Problem statement, sample I/O, and key reasoning.

Return an array `ans` of length `n+1` where `ans[i]` is the number of 1s in the binary representation of `i`. Solve it in O(n) time and O(n) output space (O(1) extra).

Sample I/O

Input:  n = 2
Output: [0,1,1]

Input:  n = 5
Output: [0,1,1,2,1,2]

Intuition

How to Think About It

Intuition

Right-shifting `i` by 1 gives `i/2`, whose bit count is already computed. The shifted number differs from `i` only in the last bit, so `dp[i] = dp[i>>1] + (i&1)` builds the answer bottom-up without repeating work.

Core Concept

DP recurrence: `dp[0] = 0`; for `i` from 1 to n: `dp[i] = dp[i >> 1] + (i & 1)`. `i >> 1` drops the LSB (already computed); `i & 1` contributes 1 if LSB is set, 0 otherwise. Processes in ascending order so sub-problems are always already solved.

When to use

When you need popcount for a range of integers - O(n) vs O(n·32) for calling hammingWeight on each.

When NOT to use

When you only need popcount of a single integer - LC 191 is simpler.
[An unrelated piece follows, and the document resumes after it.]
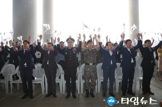 광복70주년 기념식에서 만세 삼창을 하고 있는 모습 [사진=최영진기자]
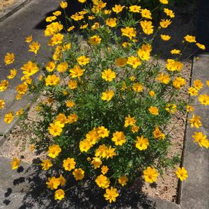 仕事先の花壇 こぼれ種からキバナコスモス これでも1株。この酷暑の中、水もろくにやらないのに…強い!

When n is very large and sparse - streaming popcount with Kernighan is more cache-friendly.

Key Insights

What to Know Cold

The recurrence leverages the fact that `i >> 1` is always < `i`, so the DP table is trivially ordered.
Alternative recurrence: `dp[i] = dp[i & (i-1)] + 1` (Kernighan-style DP - also O(n)).
Both recurrences produce the same result; the `i>>1` version is simpler to derive in an interview.
Output array doubles as the DP table - no extra space needed beyond the output.
The pattern of popcount values follows a self-similar (fractal) structure: each power-of-2 block is the previous block with all values incremented by 1.

1 example

Worked Examples

Trace dp for n=5

Build table 0..5

dp[0]=0; dp[1]=dp[0]+(1&1)=1; dp[2]=dp[1]+(2&1)=1; dp[3]=dp[1]+(3&1)=2; dp[4]=dp[2]+(4&1)=1; dp[5]=dp[2]+(5&1)=2

countBits(5); // [0,1,1,2,1,2]
// i=4 (100): dp[4]=dp[2]+0=1+0=1
// i=5 (101): dp[5]=dp[2]+1=1+1=2

Shows how right-shift recurrence reuses prior results - no 32-bit inner loop.